**Given material:**
──────────
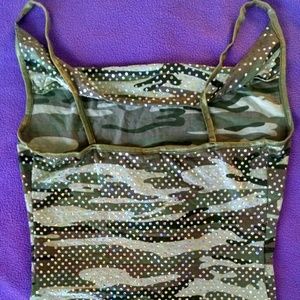 Silver Sequins Cami with a dip neckline.Some of the sequins is missing. Comfortable
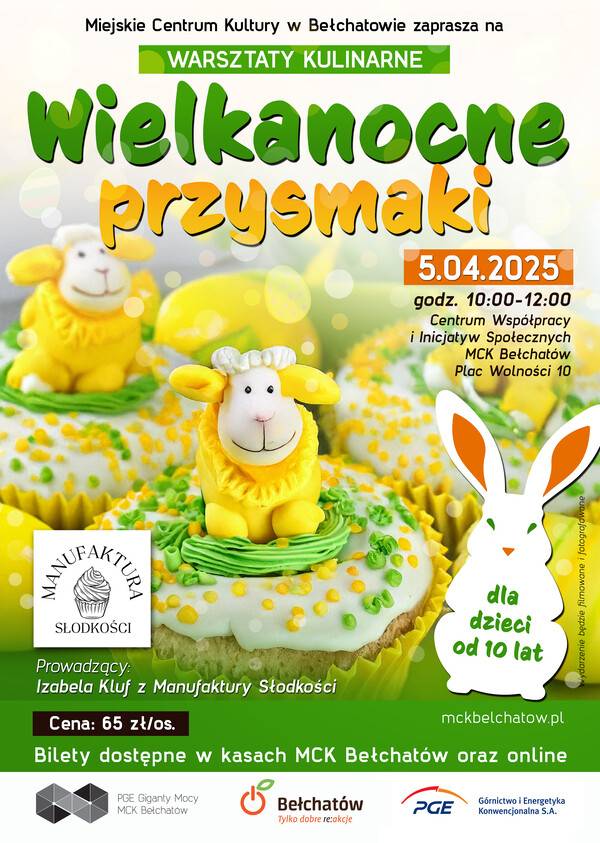 W Bełchatowie będzie można podejrzeć święta „od kuchni". To za sprawą warsztatów kulinarnych dla dzieci, które organizuje Miejskie Centrum Kultury. Uczestnicy (dzieci powyżej 10. roku życia) pod okiem Izabeli Kluf z Manufaktury Słodkości będą piec wielkanocne przysmaki: mini mazurki, słodkie babeczki i cukrowe owieczki.
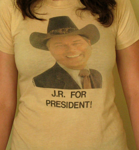 Awesome designs….I love the “J.R. for President” shirt…now that takes me back
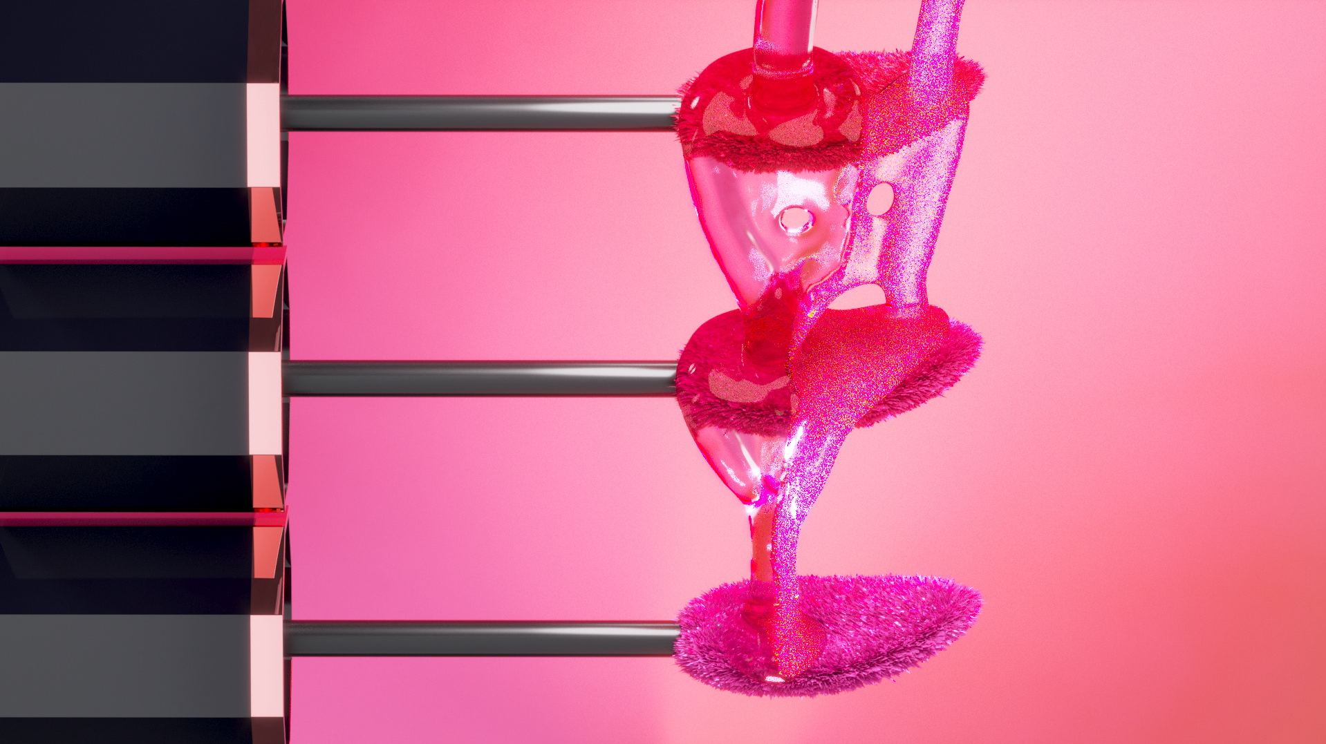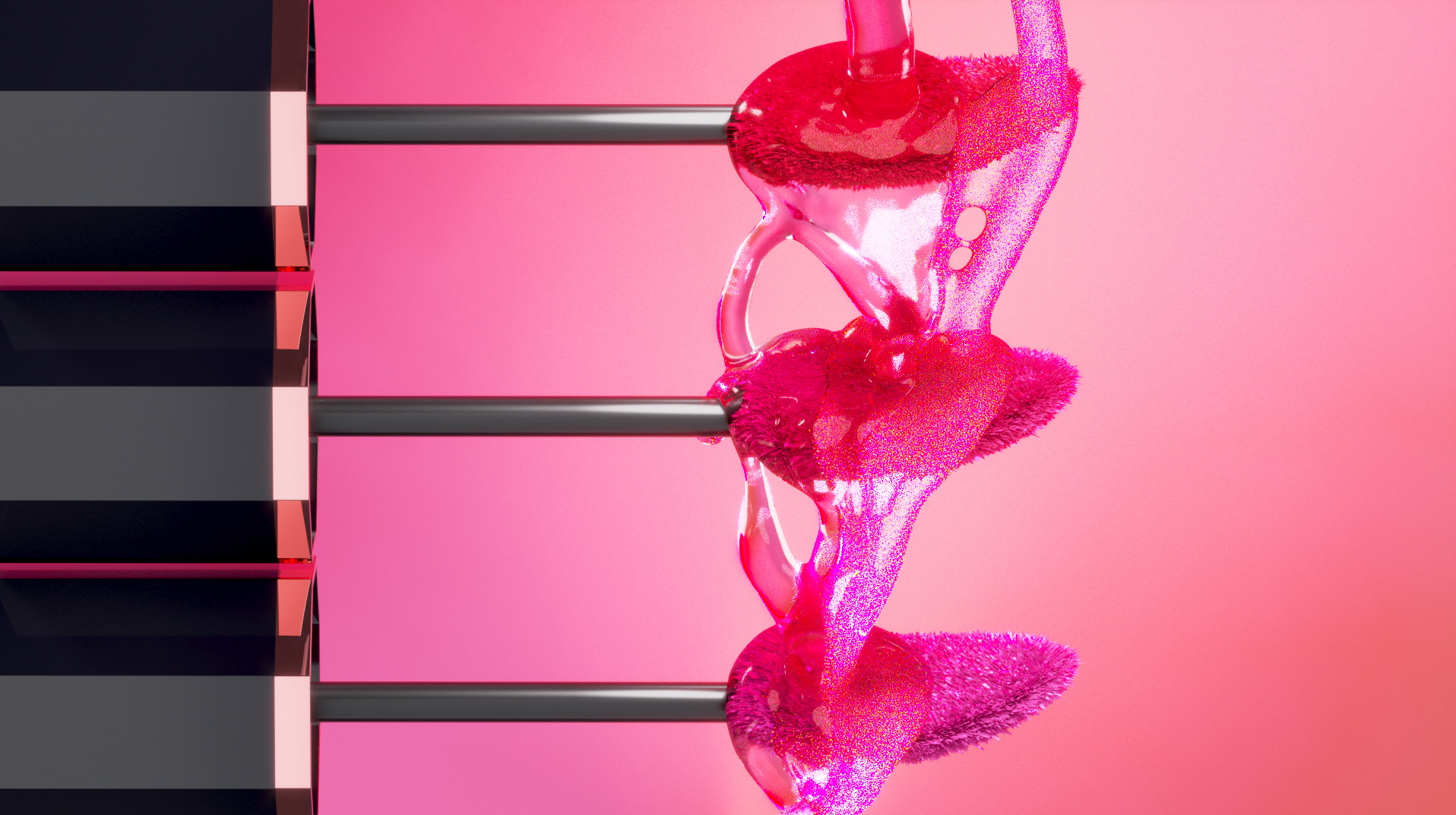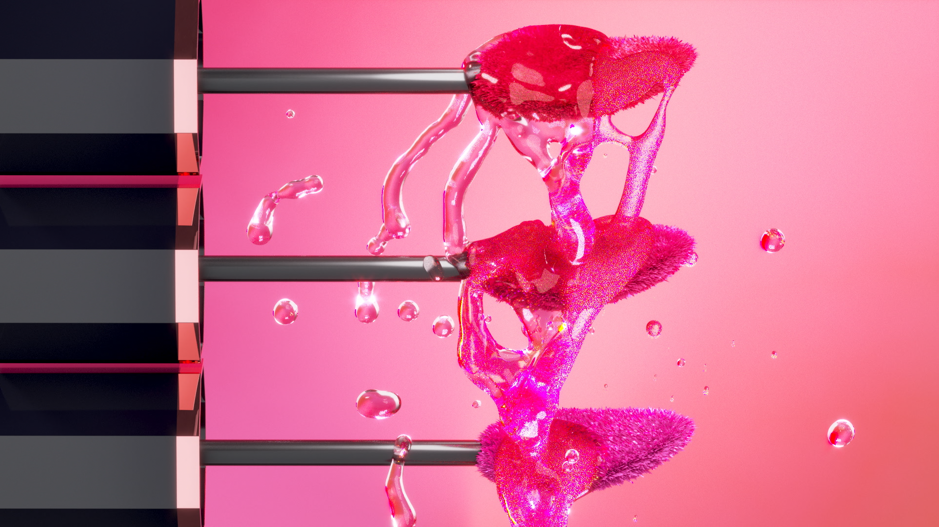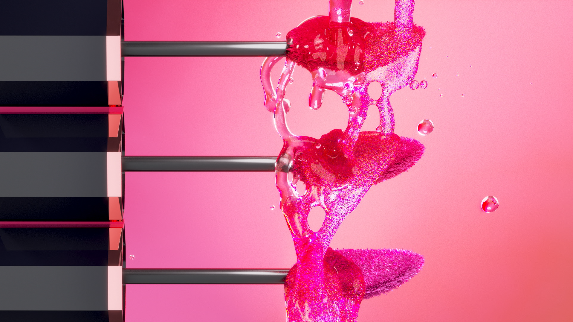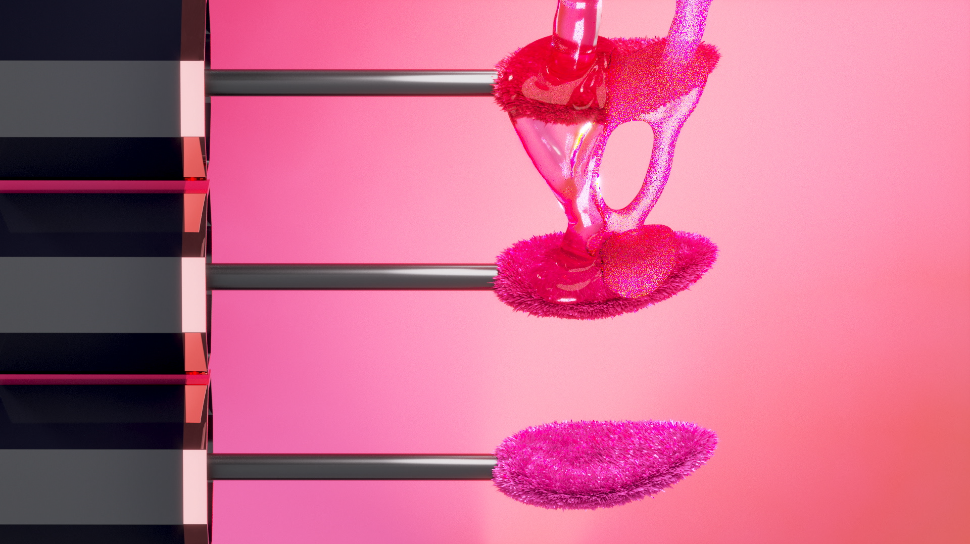 An experimental study in fluid motion and gloss and sparkle, created to test new techniques for simulating cosmetic textures.
──────────
**Task objective:** Only the lines from the one containing "Awesome designs….I love" through the last line of the material should be returned, exactly and without pictures.

**Task answer:**
 Awesome designs….I love the “J.R. for President” shirt…now that takes me back
 An experimental study in fluid motion and gloss and sparkle, created to test new techniques for simulating cosmetic textures.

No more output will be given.